Ces loyalistes ont tout à craindre d’une Syrie réconciliée avec elle-même, dans laquelle ils auraient à répondre des crimes auxquels la dictature restera à jamais associée. Mais les représailles sanglantes conduites par une partie des hommes du nouveau pouvoir contre cette même minorité ont ravivé le spectre d’un basculement du pays dans des violences interconfessionnelles sans fin, attisées par un fondamentalisme islamiste dont Ahmed Al-Charaa a été un adepte avant de s’en éloigner.
Soumis à son premier défi d’envergure depuis son arrivée au pouvoir, ce dernier a réagi rapidement en promettant de trouver les coupables des exactions et de les punir. Le président de transition n’a guère le choix. Son autorité tout comme son image sont en jeu. La commission d’enquête déjà en place (avec la présence d’alaouites parmi ses membres) est un premier pas, mais elle devra produire des résultats, et la justice passer, y compris pour ceux sur lesquels Ahmed Al-Charaa a pu s’appuyer par le passé.

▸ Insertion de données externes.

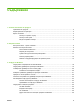 Съдържание 1 Основни положения за продукта Сравнение на продукти ...................................................................................................................... 2 Характеристики на принтера ............................................................................................................. 2 Кратко описание ................................................................................................................................. 4 Изглед отстрани и отпред .............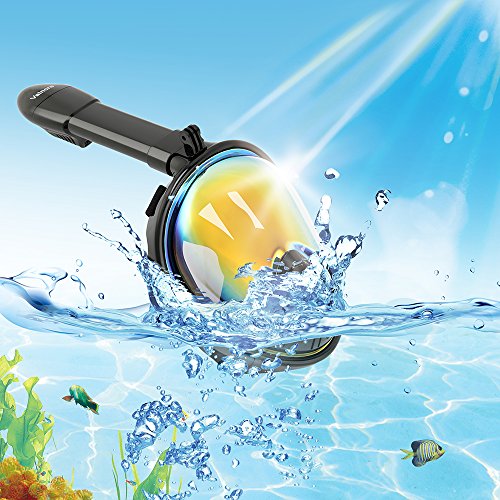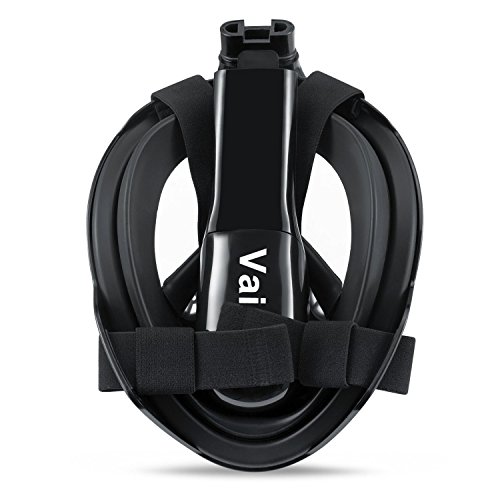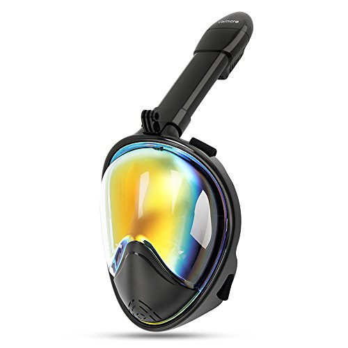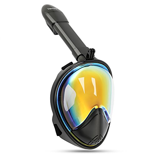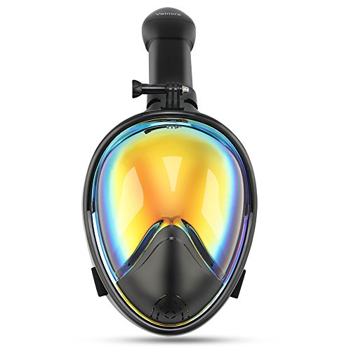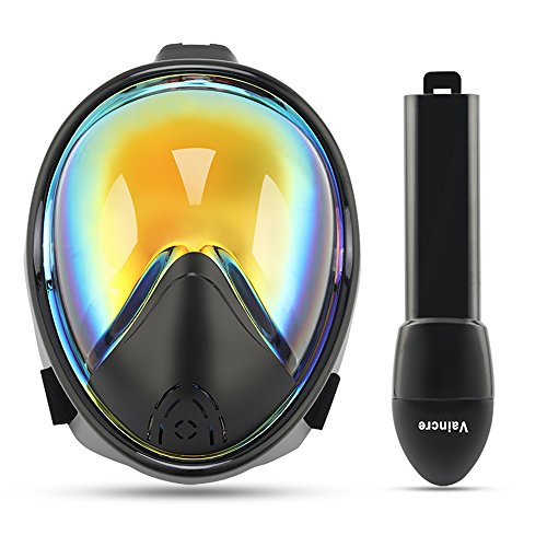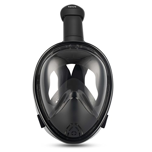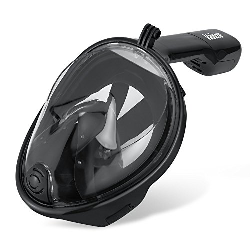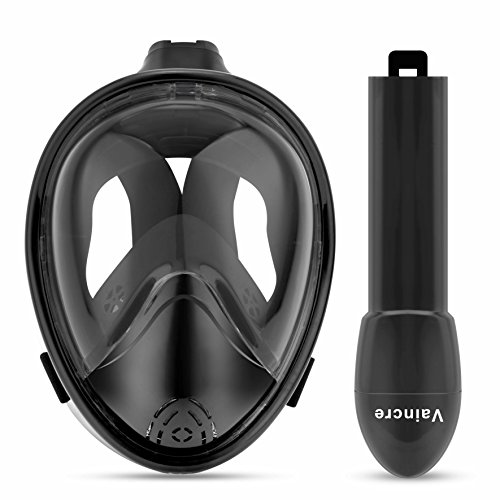 Vaincre 180° Full Face Snorkel Mask with Panoramic View Anti-Fog, Anti-Leak with Adjustable Head Straps with longer Snorkeling Tube Larger Area Flat Black with movable mount L/XL

Le calme était à peine revenu dans le bastion alaouite qu’un accord prometteur était annoncé à Damas, lundi 10 mars, sur le second front communautaire auquel les nouvelles autorités sont confrontées. Conclu entre le président par intérim et Mazloum Abdi, le chef des forces kurdes syriennes qui contrôlent le nord-est du pays, il écarte à court terme un risque de fragmentation qui condamnerait la Syrie à rester le jouet des principales puissances régionales, qu’il s’agisse de la Turquie, de l’Iran ou d’Israël.
Rupture significative
Certes, cet accord de principe doit encore faire l’objet d’applications délicates, de l’intégration des miliciens kurdes au sein des forces de sécurité du nouveau régime au partage des revenus de la modeste production pétrolière et gazière d’un pays que la guerre civile et les sanctions internationales ont condamné à la déréliction. Il s’agit pourtant d’une rupture significative avec le traitement réservé à la minorité kurde pendant des décennies par la dynastie Al-Assad. Nul doute que le renoncement aux armes, en Turquie, du chef du PKK emprisonné, Abdullah Öcalan, le 27 février, a pu contribuer à cette percée.

Ces deux visages de la Syrie plongent certainement les pays qui peuvent avoir une influence positive sur son avenir dans les plus grandes interrogations. Il s’agit plus précisément de ceux pouvant peser sur le maintien ou la levée des sanctions liées au régime déchu, mais dont le pays continue de payer le prix. On peut comprendre que ces Etats préfèrent certainement pouvoir prendre la mesure de la volonté d’Ahmed Al-Charaa de reprendre le contrôle de la situation et de garantir la justice pour les crimes commis au cours des derniers jours.
Mais cette flambée de violence souligne également que toute absence d’amélioration de la situation matérielle des Syriens fera le jeu de ceux qui ne veulent pas la réussite de la transition en cours. Un échec serait pourtant la garantie de la perpétuation de leurs souffrances.